*** Dataset records ***
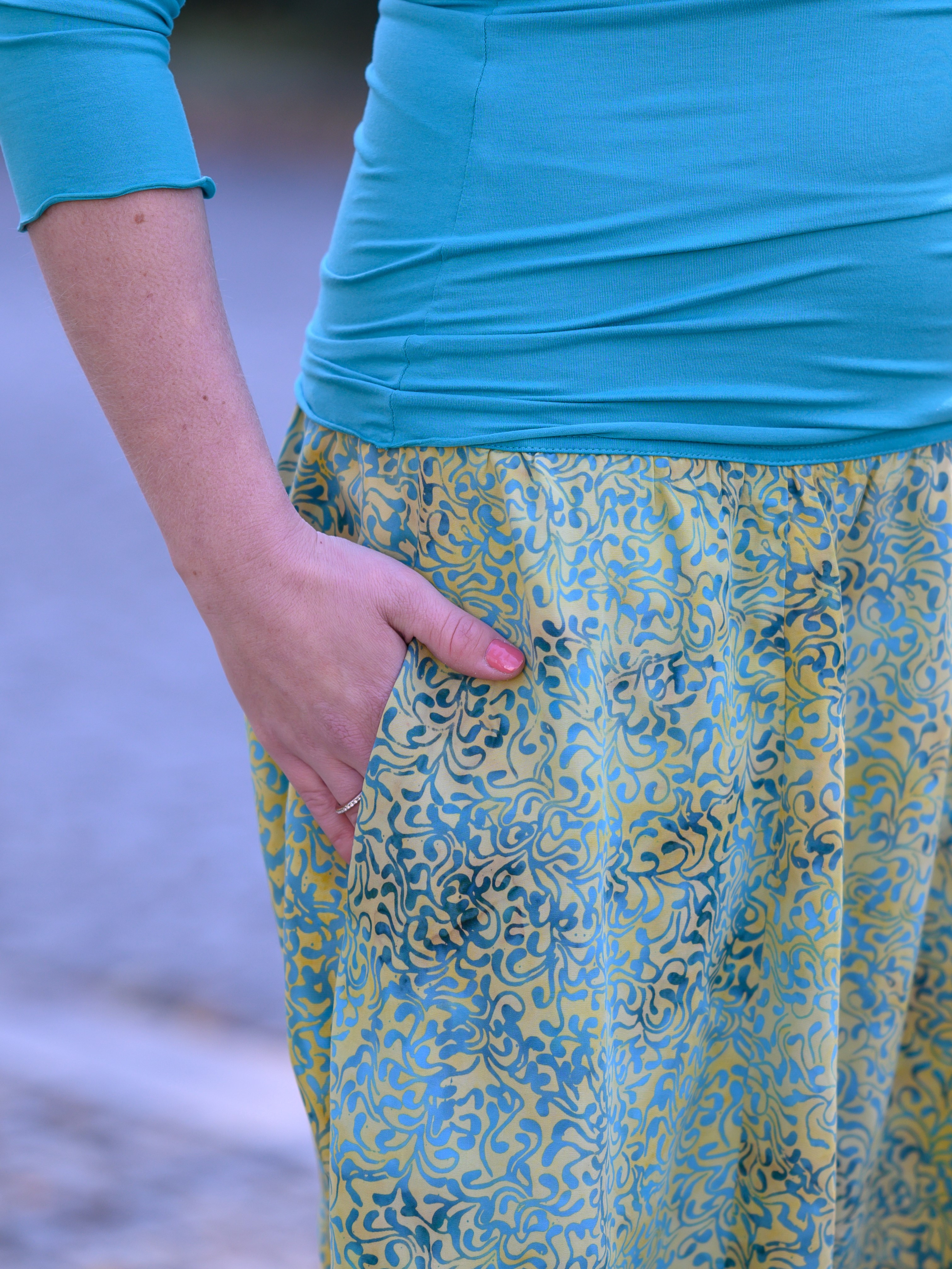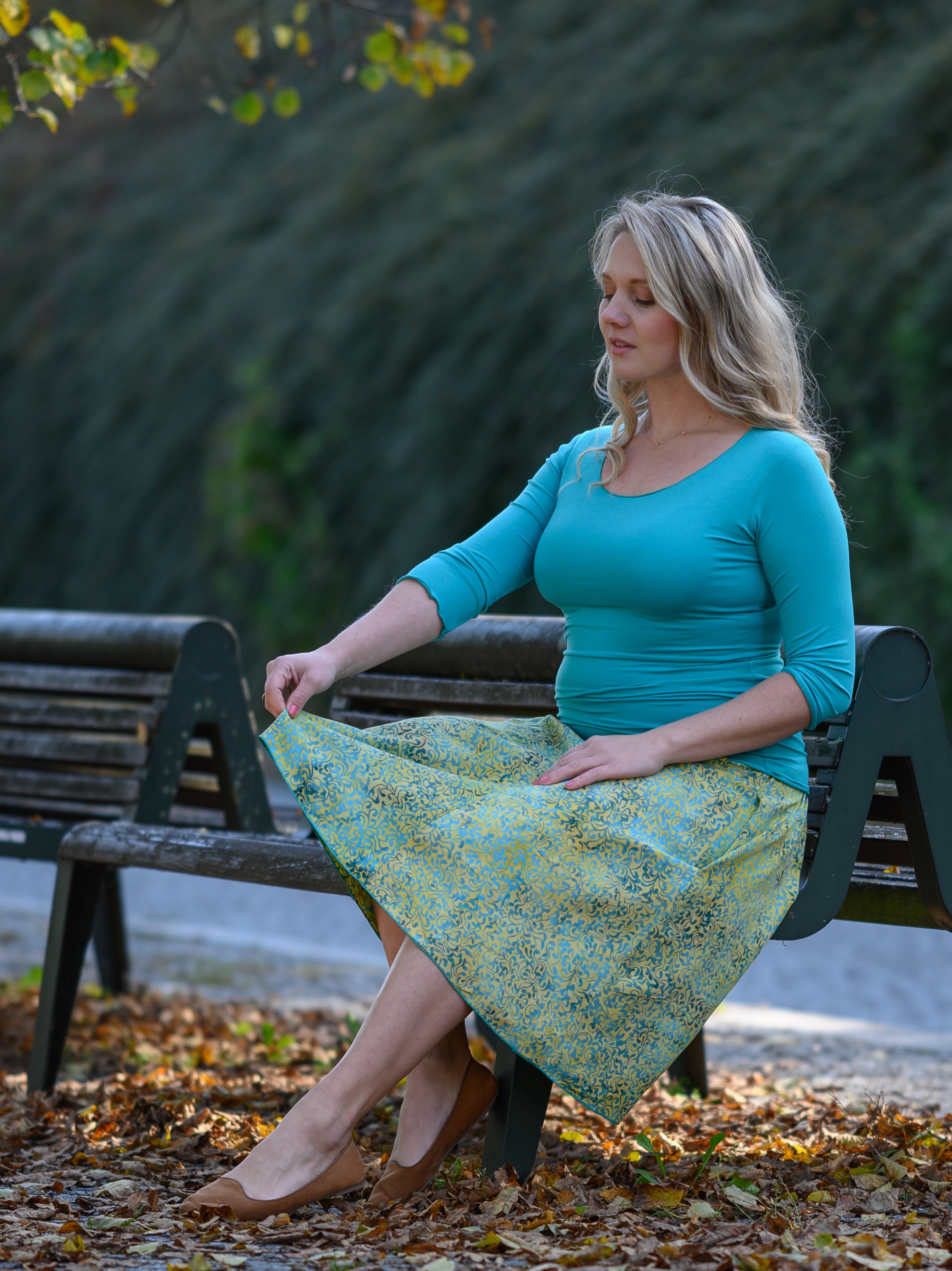 Vysoký elastický pas je nesmírně pohodlný na nošení. Sukně je vhodná i pro těhotné, pružný náplet v pase se krásně přizpůsobí bříšku a obejme ho po celém jeho obvodu. Ikonická Pacha sukně s délkou na dlaň pod kolena vytváří ženskou siluetu, je pohodlná a stylová zároveň.
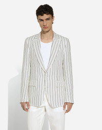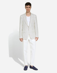 The Marina line has us dreaming of the Mediterranean sea and its myriad shades of blue, while also bringing weathered sailors to mind, yet with a contemporary edge. Aesthetic influences and clear lines, stormy sea Blue jackets, multi-pocket pieces, waterproof garments, anchor prints and materials that invite us to discover the “lighthouse keeper”. Fascinating, enigmatic and at times lonely, it tells the tale of a new masculine sensuality built with small yet precise proportions and attention to stylish detail. Single-breasted linen jacket: • White • Slim Sicilia fit • Peak lapels • Double-button fastening on the front • Outer flap pockets and breast pocket, inner welt pockets • Buttoned cuffs • Central vent • Unlined • The piece measures 73.5 cm from the rear collar seam on a size IT 48 • Made in Italy External composition: 100% Linen Internal composition: 100% Cotton
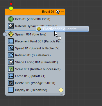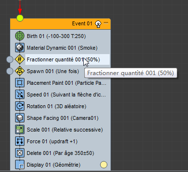 Evénement 002 peut à présent utiliser les particules qui lui sont envoyées par Fractionner quantité.
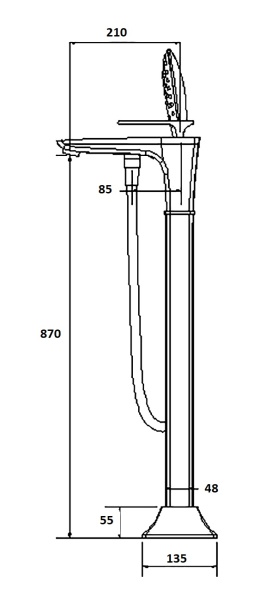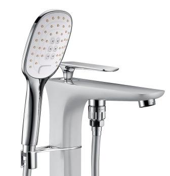 Смеситель для ванны, напольный однорычажный Helmi (хром, белый), Ø 35, излив плоский 210 мм, TIMO
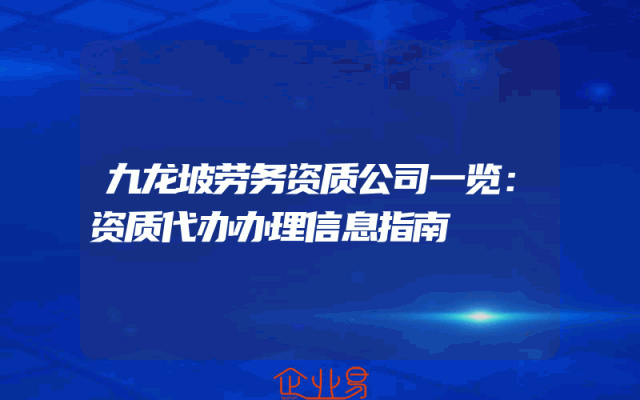 - 九龙坡劳务资质公司一览:资质代办办理信息指南
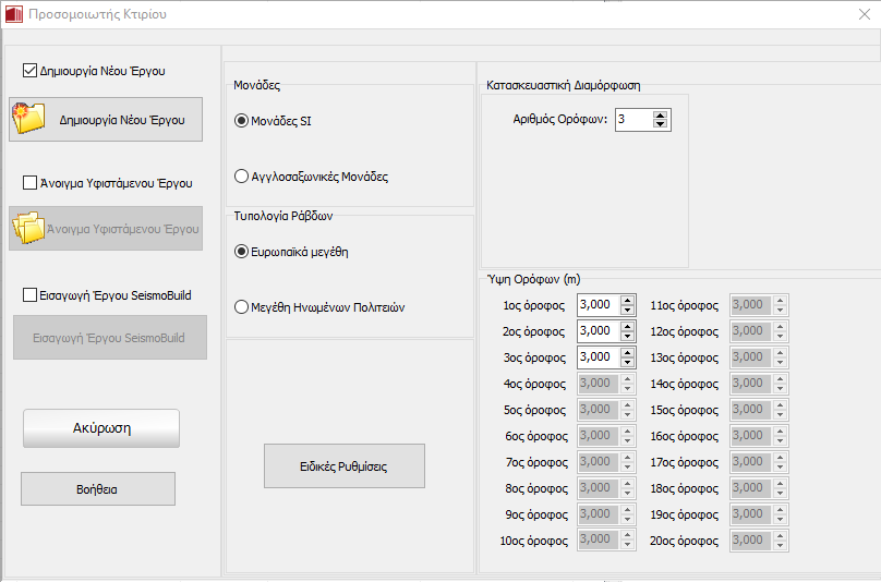Προκειμένου να δημιουργήσετε ένα μοντέλο κατασκευής μέσω του Προσομοιωτή Κτιρίου, μπορούν να οριστούν ο αριθμός των ορόφων και τα ύψη τους, απο 1 έως 100 όροφοι. Μπορούν να επιλεγούν διαφορετικά ύψη σε κάθε όροφο ή μπορεί να επιλεγεί η δυνατότητα εφαρμογής ενός κοινού ύψους σε ένα εύρος ορόφων. Μπορούν επίσης να καθοριστούν έως τρεις υπόγειοι όροφοι και το ύψος τους.
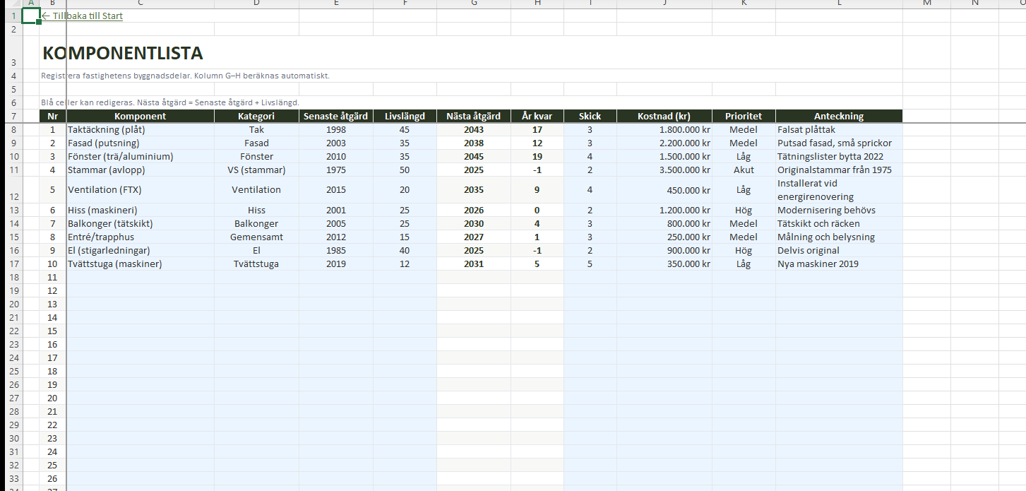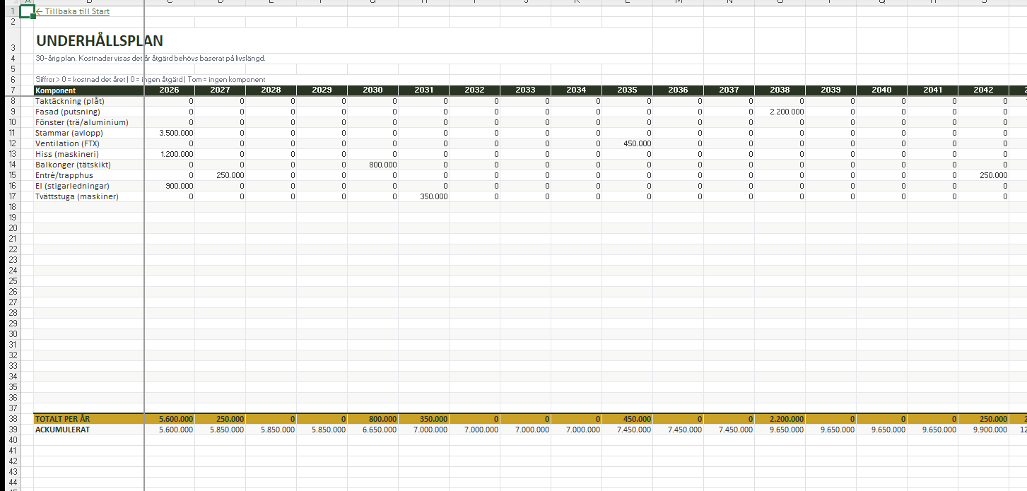 Viktig information: Denna mall är ett stödverktyg för underhållsplanering och ersätter inte en professionell besiktning. Det är styrelsens ansvar att säkerställa att underhållsplanen uppfyller Bostadsrättslagens krav för den specifika fastigheten.
*** End of Dataset records ***
| What is being asked |
Your answer must be an exact copy of the listing, minus its pictures.

| Result below |
 Vysoký elastický pas je nesmírně pohodlný na nošení. Sukně je vhodná i pro těhotné, pružný náplet v pase se krásně přizpůsobí bříšku a obejme ho po celém jeho obvodu. Ikonická Pacha sukně s délkou na dlaň pod kolena vytváří ženskou siluetu, je pohodlná a stylová zároveň.
 The Marina line has us dreaming of the Mediterranean sea and its myriad shades of blue, while also bringing weathered sailors to mind, yet with a contemporary edge. Aesthetic influences and clear lines, stormy sea Blue jackets, multi-pocket pieces, waterproof garments, anchor prints and materials that invite us to discover the “lighthouse keeper”. Fascinating, enigmatic and at times lonely, it tells the tale of a new masculine sensuality built with small yet precise proportions and attention to stylish detail. Single-breasted linen jacket: • White • Slim Sicilia fit • Peak lapels • Double-button fastening on the front • Outer flap pockets and breast pocket, inner welt pockets • Buttoned cuffs • Central vent • Unlined • The piece measures 73.5 cm from the rear collar seam on a size IT 48 • Made in Italy External composition: 100% Linen Internal composition: 100% Cotton
 Evénement 002 peut à présent utiliser les particules qui lui sont envoyées par Fractionner quantité.
 Смеситель для ванны, напольный однорычажный Helmi (хром, белый), Ø 35, излив плоский 210 мм, TIMO
 - 九龙坡劳务资质公司一览:资质代办办理信息指南
Προκειμένου να δημιουργήσετε ένα μοντέλο κατασκευής μέσω του Προσομοιωτή Κτιρίου, μπορούν να οριστούν ο αριθμός των ορόφων και τα ύψη τους, απο 1 έως 100 όροφοι. Μπορούν να επιλεγούν διαφορετικά ύψη σε κάθε όροφο ή μπορεί να επιλεγεί η δυνατότητα εφαρμογής ενός κοινού ύψους σε ένα εύρος ορόφων. Μπορούν επίσης να καθοριστούν έως τρεις υπόγειοι όροφοι και το ύψος τους.
 Viktig information: Denna mall är ett stödverktyg för underhållsplanering och ersätter inte en professionell besiktning. Det är styrelsens ansvar att säkerställa att underhållsplanen uppfyller Bostadsrättslagens krav för den specifika fastigheten.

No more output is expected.